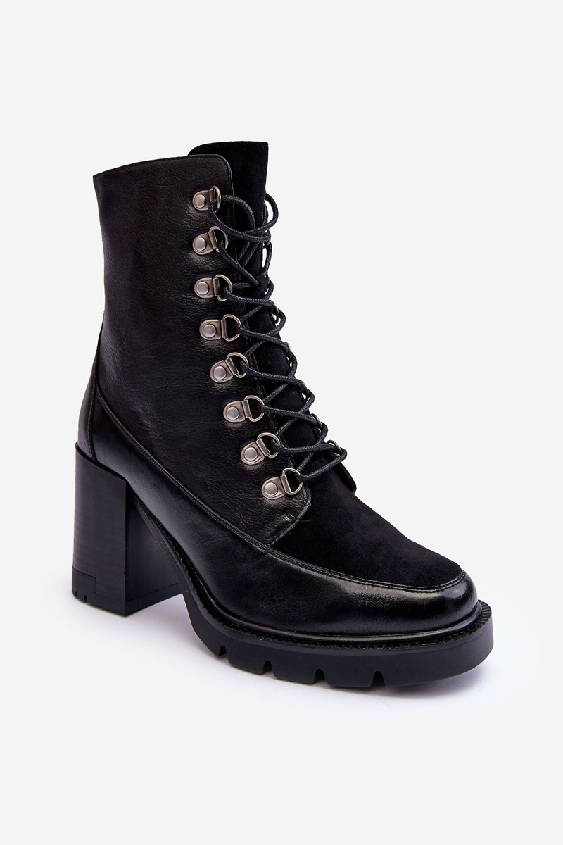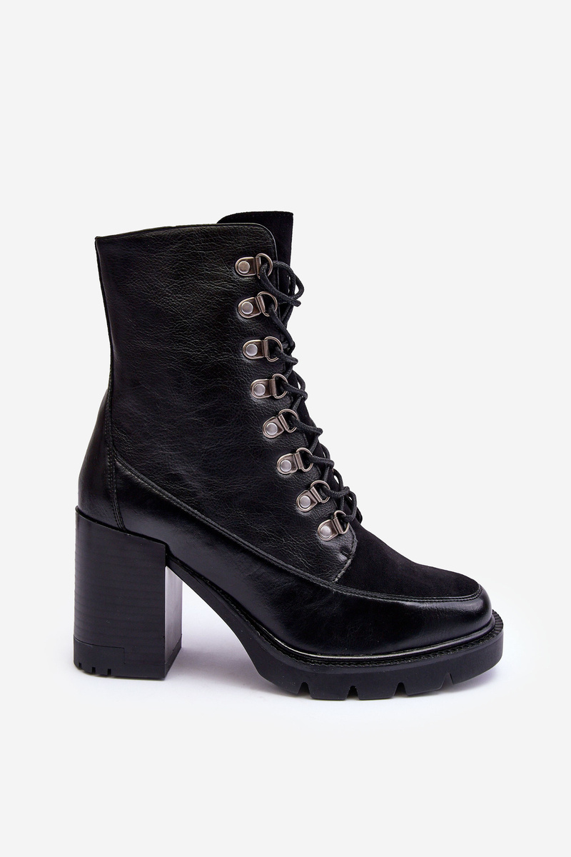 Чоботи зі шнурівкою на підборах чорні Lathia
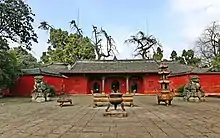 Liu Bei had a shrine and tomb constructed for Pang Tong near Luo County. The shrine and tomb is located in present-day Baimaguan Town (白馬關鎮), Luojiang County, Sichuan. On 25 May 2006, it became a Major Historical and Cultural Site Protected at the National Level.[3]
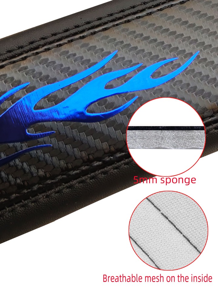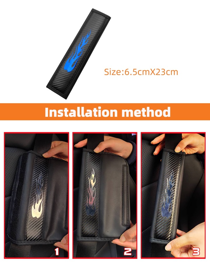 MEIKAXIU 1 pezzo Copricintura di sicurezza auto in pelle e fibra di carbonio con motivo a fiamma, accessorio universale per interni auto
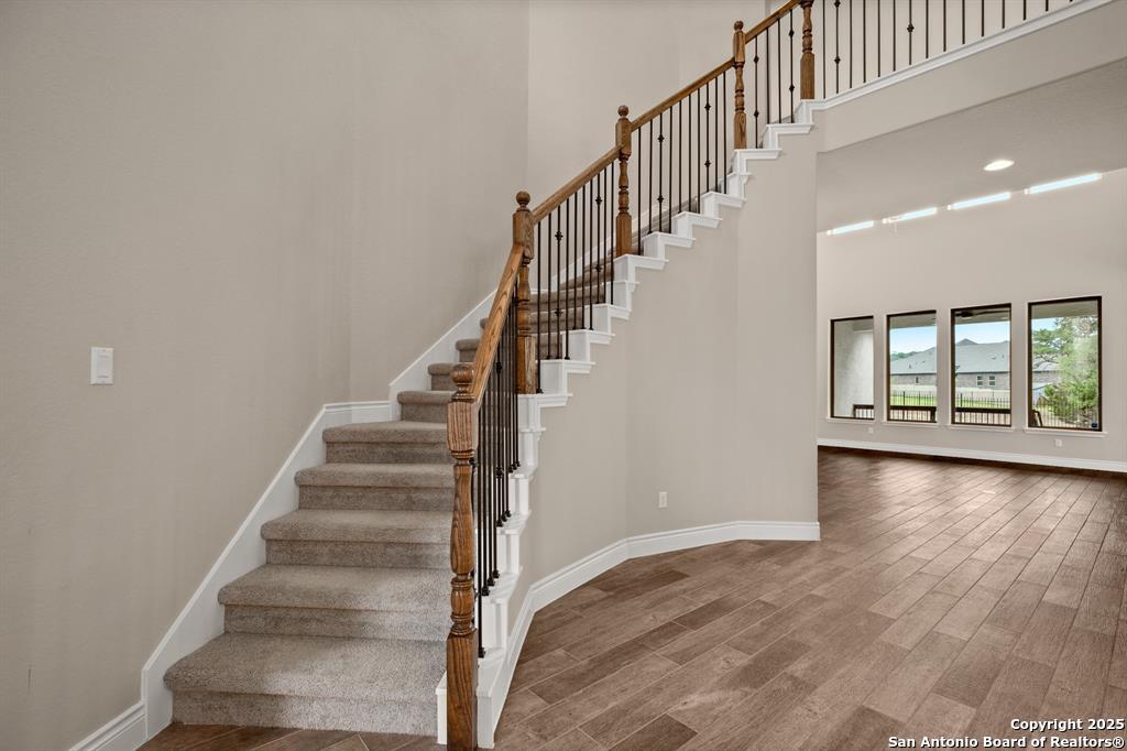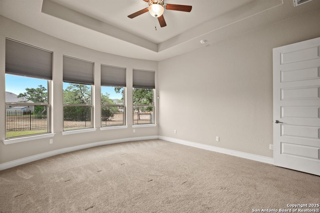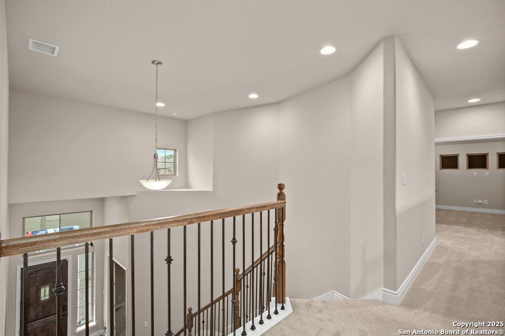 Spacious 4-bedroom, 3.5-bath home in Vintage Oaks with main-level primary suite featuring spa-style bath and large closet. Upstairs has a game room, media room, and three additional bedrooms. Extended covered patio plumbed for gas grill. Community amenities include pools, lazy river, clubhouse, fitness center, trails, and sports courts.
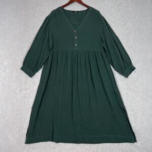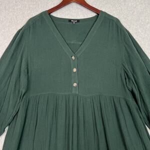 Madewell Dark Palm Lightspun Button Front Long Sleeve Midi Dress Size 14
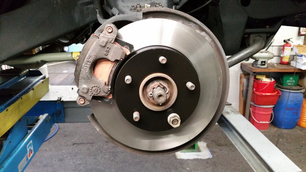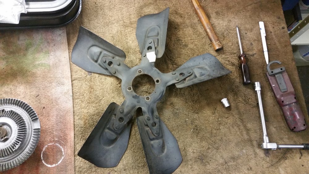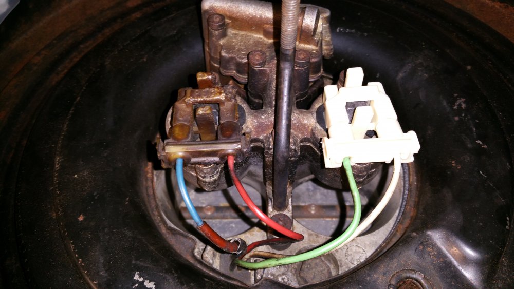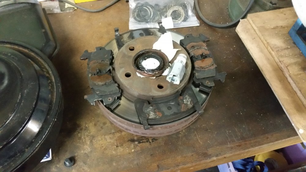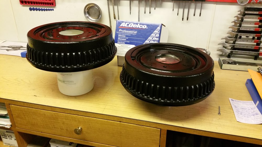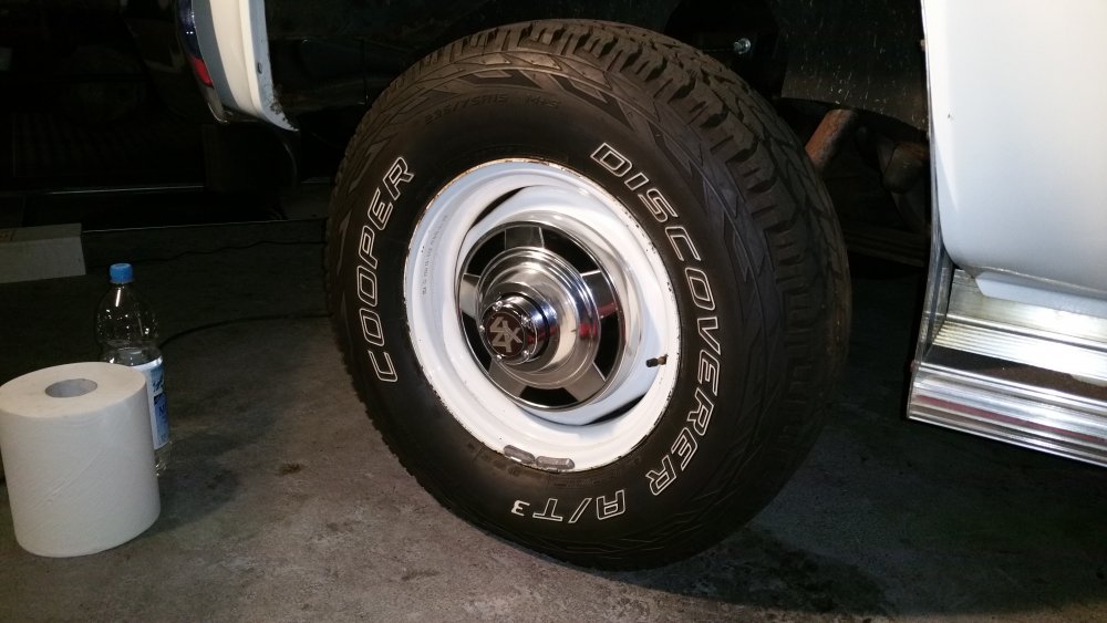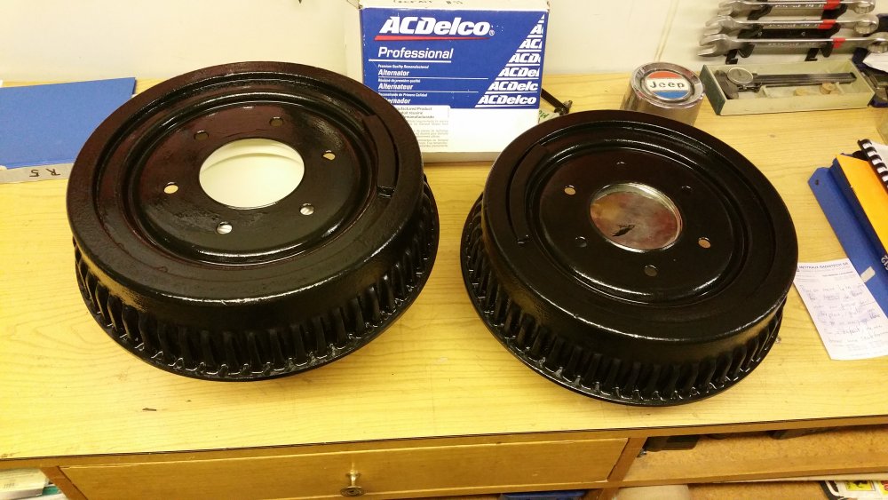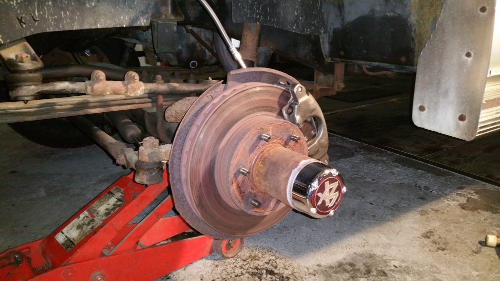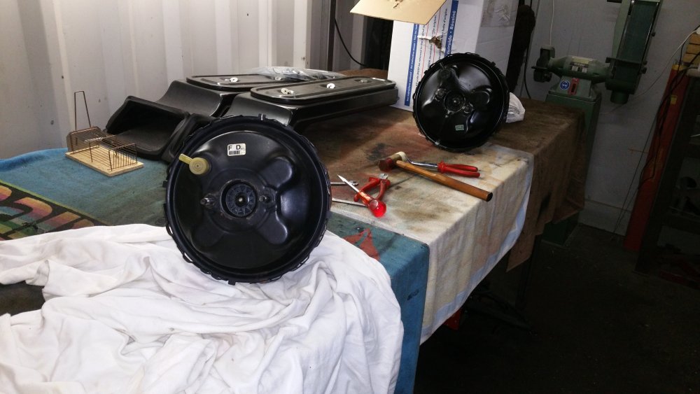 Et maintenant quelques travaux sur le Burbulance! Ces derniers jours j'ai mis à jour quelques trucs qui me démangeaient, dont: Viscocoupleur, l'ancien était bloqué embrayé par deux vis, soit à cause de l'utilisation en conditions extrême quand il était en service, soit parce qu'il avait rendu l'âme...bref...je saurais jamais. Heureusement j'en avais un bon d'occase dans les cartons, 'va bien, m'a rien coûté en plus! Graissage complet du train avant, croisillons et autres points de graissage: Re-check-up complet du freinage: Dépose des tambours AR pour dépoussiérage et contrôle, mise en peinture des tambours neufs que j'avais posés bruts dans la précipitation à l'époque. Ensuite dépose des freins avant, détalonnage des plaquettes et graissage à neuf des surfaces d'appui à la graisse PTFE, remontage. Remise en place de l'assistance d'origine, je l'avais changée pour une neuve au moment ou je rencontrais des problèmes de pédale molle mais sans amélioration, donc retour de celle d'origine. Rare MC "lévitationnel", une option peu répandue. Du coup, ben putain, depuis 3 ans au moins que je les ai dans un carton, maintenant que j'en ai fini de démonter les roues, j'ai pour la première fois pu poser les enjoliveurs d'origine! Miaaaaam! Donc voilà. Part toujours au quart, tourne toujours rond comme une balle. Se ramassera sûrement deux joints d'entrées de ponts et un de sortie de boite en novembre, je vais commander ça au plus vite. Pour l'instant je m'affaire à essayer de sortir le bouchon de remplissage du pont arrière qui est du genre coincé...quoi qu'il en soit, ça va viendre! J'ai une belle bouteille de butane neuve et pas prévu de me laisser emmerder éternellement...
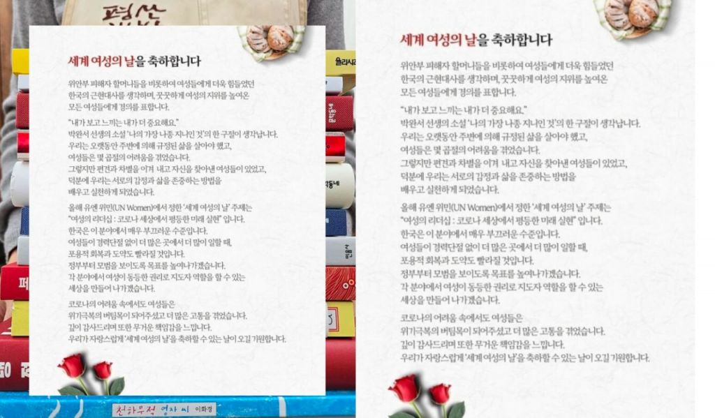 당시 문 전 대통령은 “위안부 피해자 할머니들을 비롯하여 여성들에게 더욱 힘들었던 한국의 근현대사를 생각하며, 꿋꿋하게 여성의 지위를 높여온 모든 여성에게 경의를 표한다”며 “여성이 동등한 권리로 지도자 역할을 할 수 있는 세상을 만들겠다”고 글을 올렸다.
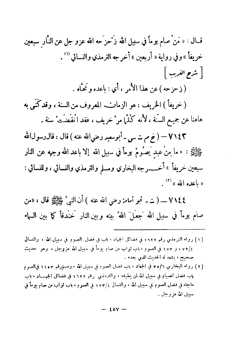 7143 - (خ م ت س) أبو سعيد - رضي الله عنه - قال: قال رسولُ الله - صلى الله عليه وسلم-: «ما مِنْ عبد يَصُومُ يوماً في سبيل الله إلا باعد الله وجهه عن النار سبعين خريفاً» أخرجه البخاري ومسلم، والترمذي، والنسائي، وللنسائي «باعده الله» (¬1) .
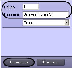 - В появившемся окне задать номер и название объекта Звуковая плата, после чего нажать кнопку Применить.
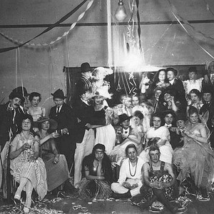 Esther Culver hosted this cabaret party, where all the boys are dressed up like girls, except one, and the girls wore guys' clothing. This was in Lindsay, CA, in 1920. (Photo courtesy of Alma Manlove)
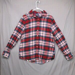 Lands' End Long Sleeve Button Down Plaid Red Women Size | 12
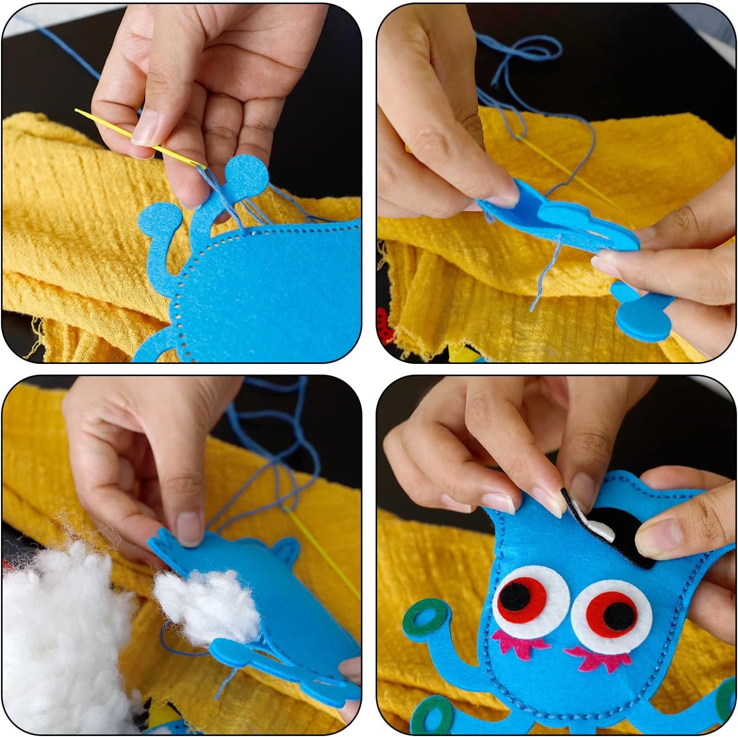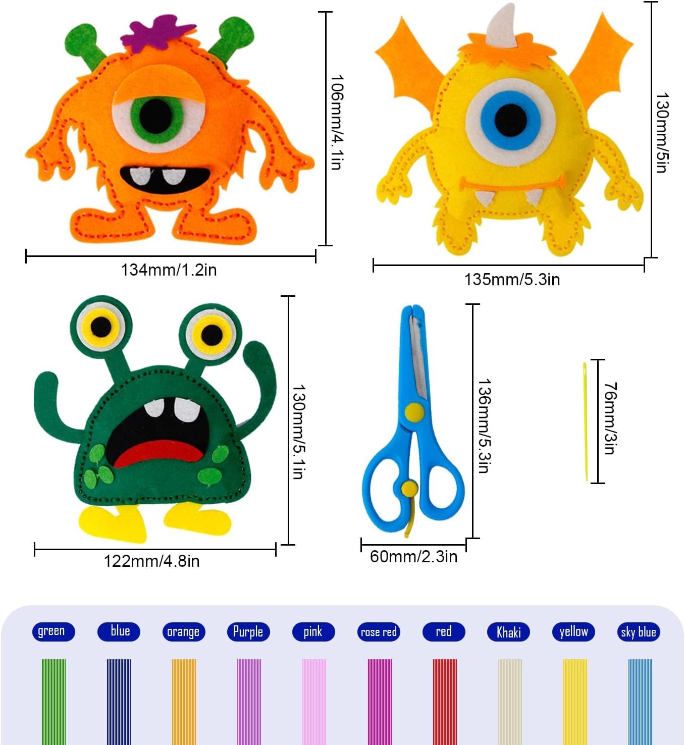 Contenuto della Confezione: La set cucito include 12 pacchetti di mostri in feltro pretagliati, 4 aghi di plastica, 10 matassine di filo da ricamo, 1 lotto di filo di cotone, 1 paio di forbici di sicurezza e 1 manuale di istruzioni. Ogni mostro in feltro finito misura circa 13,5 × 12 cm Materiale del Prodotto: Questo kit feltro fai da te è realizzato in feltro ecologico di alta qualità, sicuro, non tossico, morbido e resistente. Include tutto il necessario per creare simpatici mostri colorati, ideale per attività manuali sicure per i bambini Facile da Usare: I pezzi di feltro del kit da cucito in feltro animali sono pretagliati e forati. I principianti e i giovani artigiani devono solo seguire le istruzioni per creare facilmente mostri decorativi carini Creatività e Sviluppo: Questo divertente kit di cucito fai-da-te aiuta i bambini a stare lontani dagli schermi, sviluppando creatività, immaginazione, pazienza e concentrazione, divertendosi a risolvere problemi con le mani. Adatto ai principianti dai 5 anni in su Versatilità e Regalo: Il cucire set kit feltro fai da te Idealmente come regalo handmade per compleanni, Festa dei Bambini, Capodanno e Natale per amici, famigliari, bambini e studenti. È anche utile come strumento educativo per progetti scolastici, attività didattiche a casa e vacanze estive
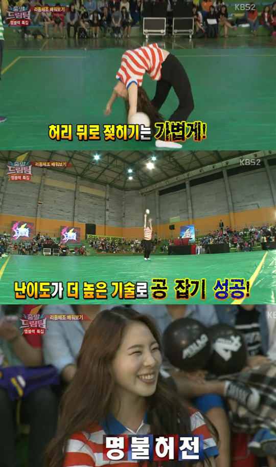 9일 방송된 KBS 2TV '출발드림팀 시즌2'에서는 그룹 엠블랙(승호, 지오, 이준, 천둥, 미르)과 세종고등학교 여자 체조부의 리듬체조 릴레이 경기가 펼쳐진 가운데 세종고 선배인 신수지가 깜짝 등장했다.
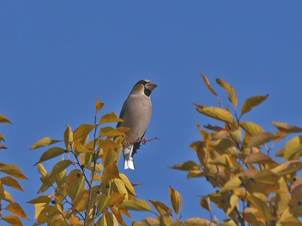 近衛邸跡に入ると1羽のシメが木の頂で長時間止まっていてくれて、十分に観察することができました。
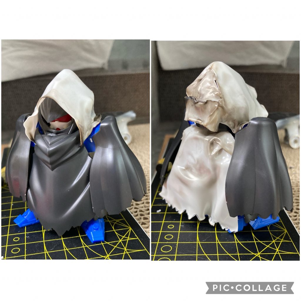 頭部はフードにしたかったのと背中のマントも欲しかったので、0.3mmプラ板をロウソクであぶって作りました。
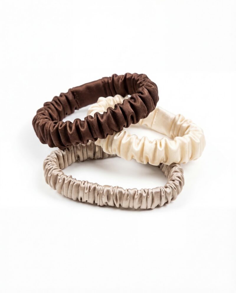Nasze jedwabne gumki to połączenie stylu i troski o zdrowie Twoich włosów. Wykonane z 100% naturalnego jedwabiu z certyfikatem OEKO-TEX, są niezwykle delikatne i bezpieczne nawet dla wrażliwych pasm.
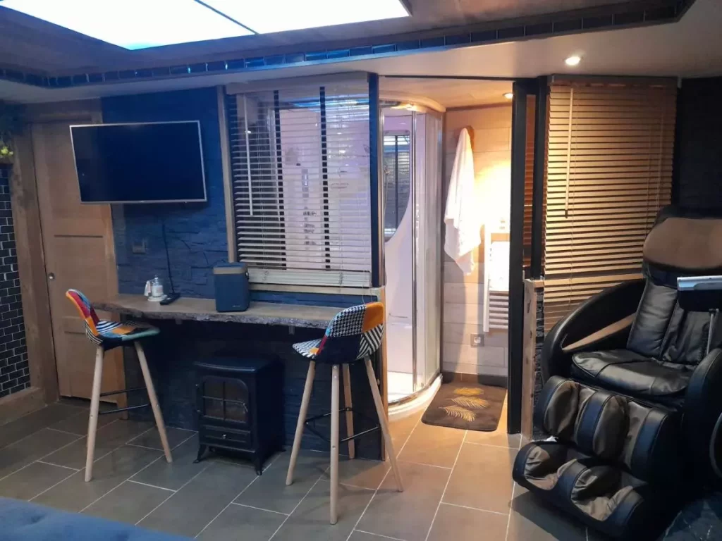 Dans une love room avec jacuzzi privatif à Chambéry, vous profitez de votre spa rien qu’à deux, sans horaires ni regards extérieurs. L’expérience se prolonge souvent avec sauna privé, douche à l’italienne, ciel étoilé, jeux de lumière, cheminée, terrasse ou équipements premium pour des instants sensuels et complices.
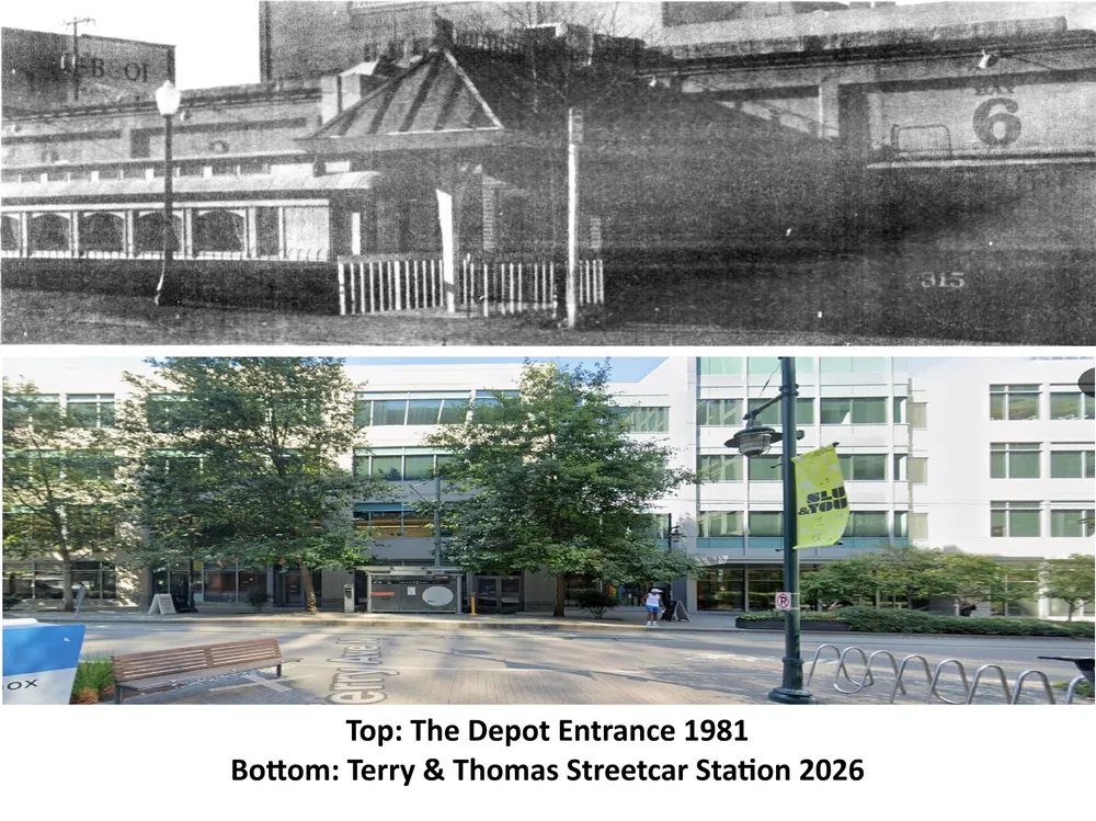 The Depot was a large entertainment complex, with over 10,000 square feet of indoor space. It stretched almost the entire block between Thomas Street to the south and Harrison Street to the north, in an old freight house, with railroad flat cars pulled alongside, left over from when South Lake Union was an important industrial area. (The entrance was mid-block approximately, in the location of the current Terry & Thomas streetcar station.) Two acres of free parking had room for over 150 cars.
========================================================================
TASK PROMPT
Repeat, word for word, the lines of the material above from the one holding "- В появившемся" through the one holding "近衛邸跡に入ると1羽のシメが". Leave out pictures.

RESULT
 - В появившемся окне задать номер и название объекта Звуковая плата, после чего нажать кнопку Применить.
 Esther Culver hosted this cabaret party, where all the boys are dressed up like girls, except one, and the girls wore guys' clothing. This was in Lindsay, CA, in 1920. (Photo courtesy of Alma Manlove)
 Lands' End Long Sleeve Button Down Plaid Red Women Size | 12
 Contenuto della Confezione: La set cucito include 12 pacchetti di mostri in feltro pretagliati, 4 aghi di plastica, 10 matassine di filo da ricamo, 1 lotto di filo di cotone, 1 paio di forbici di sicurezza e 1 manuale di istruzioni. Ogni mostro in feltro finito misura circa 13,5 × 12 cm Materiale del Prodotto: Questo kit feltro fai da te è realizzato in feltro ecologico di alta qualità, sicuro, non tossico, morbido e resistente. Include tutto il necessario per creare simpatici mostri colorati, ideale per attività manuali sicure per i bambini Facile da Usare: I pezzi di feltro del kit da cucito in feltro animali sono pretagliati e forati. I principianti e i giovani artigiani devono solo seguire le istruzioni per creare facilmente mostri decorativi carini Creatività e Sviluppo: Questo divertente kit di cucito fai-da-te aiuta i bambini a stare lontani dagli schermi, sviluppando creatività, immaginazione, pazienza e concentrazione, divertendosi a risolvere problemi con le mani. Adatto ai principianti dai 5 anni in su Versatilità e Regalo: Il cucire set kit feltro fai da te Idealmente come regalo handmade per compleanni, Festa dei Bambini, Capodanno e Natale per amici, famigliari, bambini e studenti. È anche utile come strumento educativo per progetti scolastici, attività didattiche a casa e vacanze estive
 9일 방송된 KBS 2TV '출발드림팀 시즌2'에서는 그룹 엠블랙(승호, 지오, 이준, 천둥, 미르)과 세종고등학교 여자 체조부의 리듬체조 릴레이 경기가 펼쳐진 가운데 세종고 선배인 신수지가 깜짝 등장했다.
 近衛邸跡に入ると1羽のシメが木の頂で長時間止まっていてくれて、十分に観察することができました。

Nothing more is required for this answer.